Please note that all the SIEpedia's articles address specific issues or questions raised by IAC users, so they do not attempt to be rigorous or exhaustive, and may or may not be useful or applicable in different or more general contexts.


This user's guide for the LaPalma Supercomputer (v3) is intended to provide the minimum amount of information needed by a new user on this system. As such, it assumes that the user is familiar with many of the standard aspects of supercomputing as the Unix operating system.

We hope you can find most of the information you need to use our computing resources: from applications and libraries to technical documentation about LaPalma; how to include references in publications and so on.
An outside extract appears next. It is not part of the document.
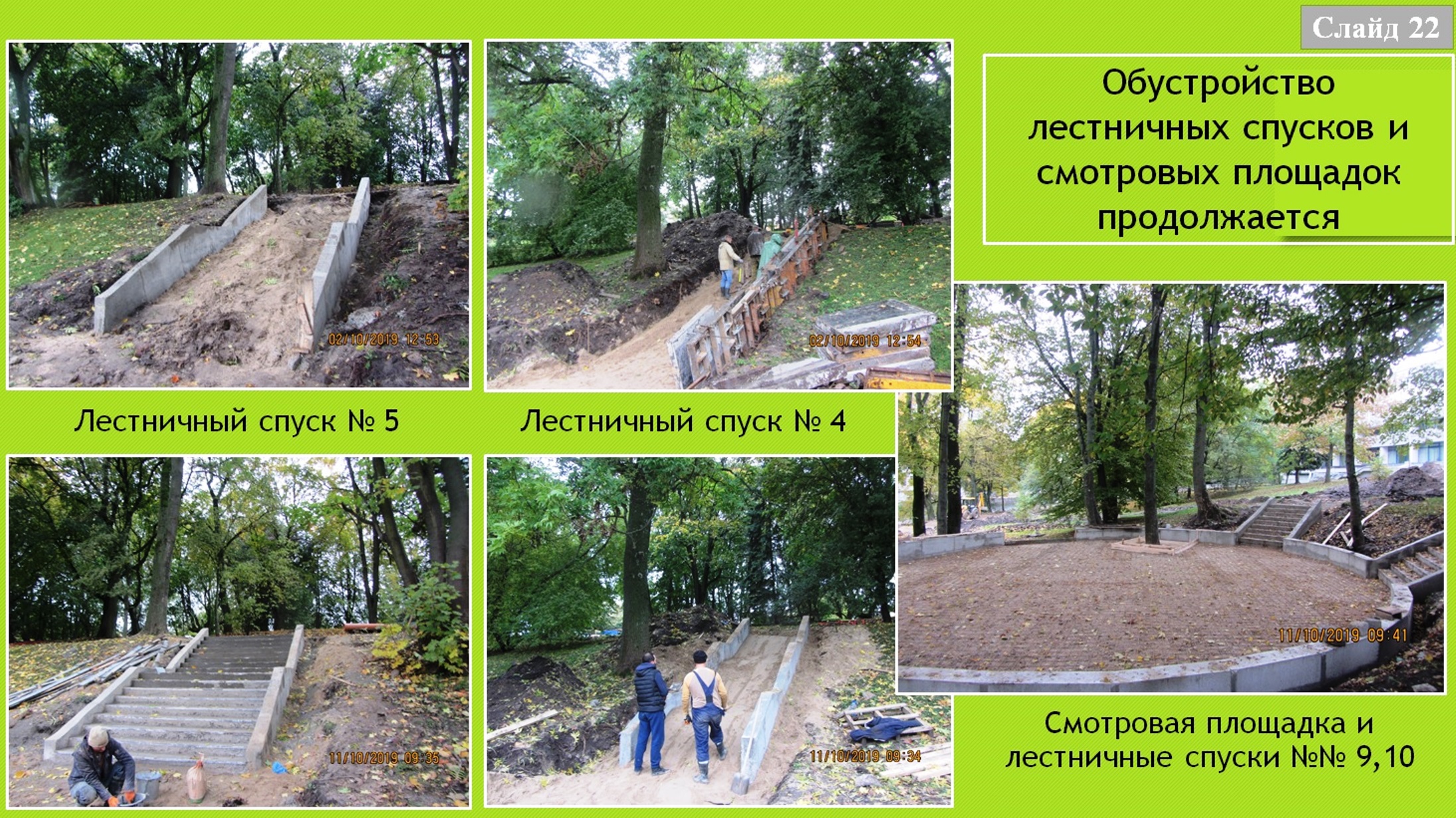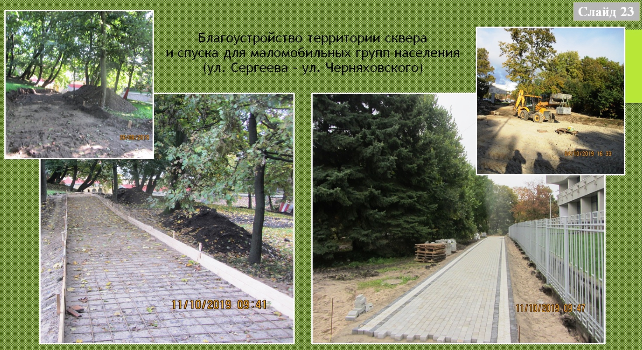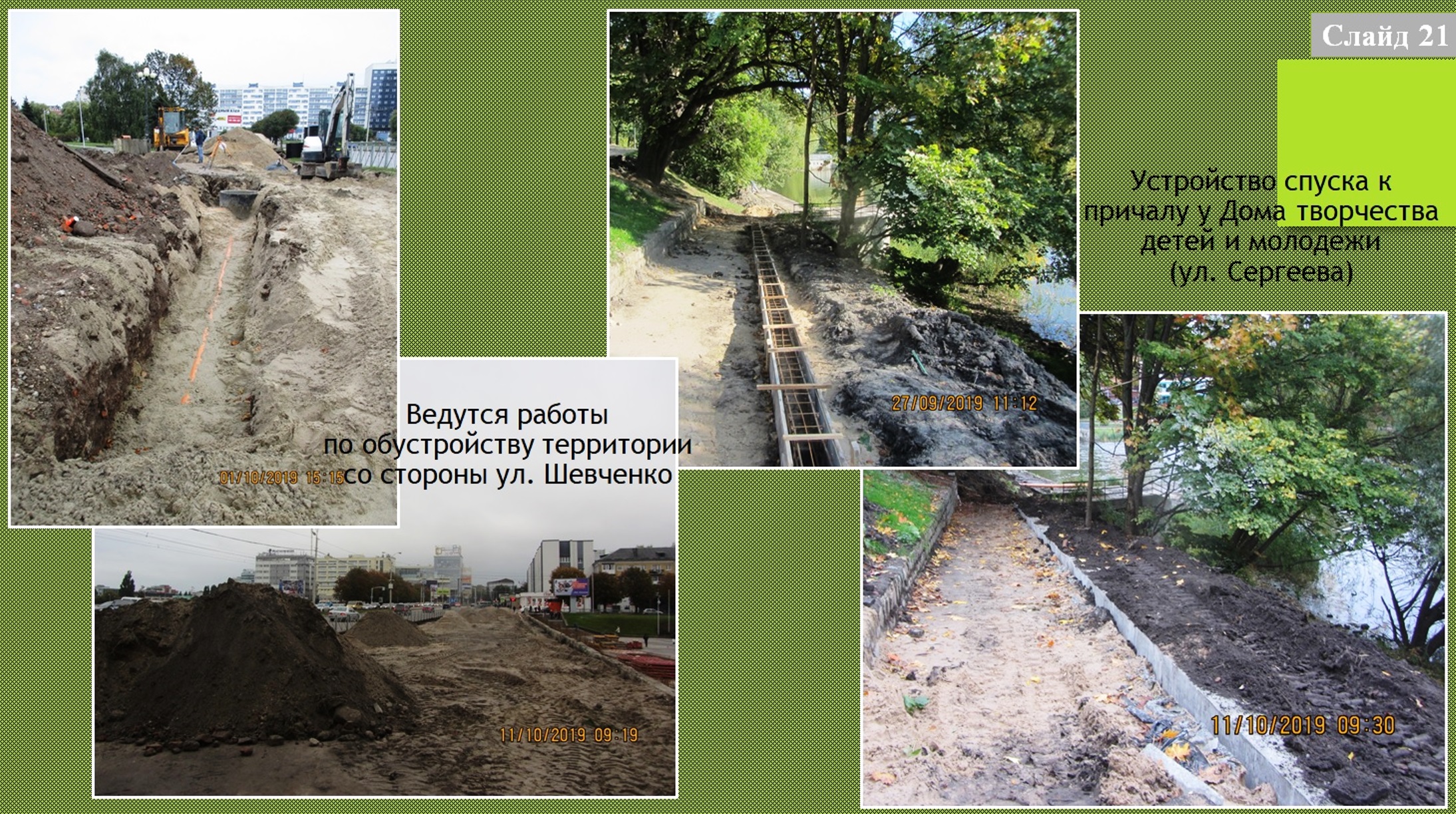 Благоустройство набережной Нижнего пруда организовано в границах улиц Пролетарская, Сергеева, набережная Маринеско, Шевченко. В период с 8 по 14 ноября здесь проводились работы по обустройству двух общественных туалетов (со стороны ул. Клинической у ГТРК «Калининград» и на ул. Сергеева), укладка подстилающих слоев на детской площадке по ул. Клиническая, мощение тротуарной плитой на ул. Шевченко – ул. Пролетарская. Был завезен грунт в сквер по ул. Сергеева – Черняховского. Продолжаются работы по обустройству лестничного спуска с ул. Сергеева, установлено более 200 опор уличного освещения. Завершена укладка тротуарной плитки на пешеходных дорожках в сквере ул. Сергеева – ул. Черняховского, бетонирование пешеходной тропы, доступной для маломобильных групп населения (спуск с ул. Сергеева), а также пешеходной дорожки со стороны ул. Клинической.

Please read carefully this document and if any doubt arises do not hesitate to contact our support group at

System Overview

LaPalma comprises 252 IBM dx360 M4 compute nodes. Every node has 16 cores (Intel E5-2670) at 2.6 GHz, running Linux operating system with 32 GB of memory RAM (2 GB per core) and 500GB of local disk storage. Two Bull R423 servers are connected to a pair of Netapp E5600 storage systems providing a total amount of 346 TB of disk storage accessible from every node through Lustre Parallel File System. The networks that interconnect the LaPalma are:

  • Infiniband Network: High bandwidth network used by parallel applications communications.
  • Gigabit Network: Ethernet network used by the nodes to mount remotely their root file system from the servers and the network over which Lustre works.

File Systems

IMPORTANT: It is your responsibility as a user of the LaPalma system to backup all your critical data. NO backup of user data will be done in any of the filesystems of LaPalma.

Each user has several areas of disk space for storing files. These areas may have size or time limits, please read carefully all this section to know about the policy of usage of each of these filesystems.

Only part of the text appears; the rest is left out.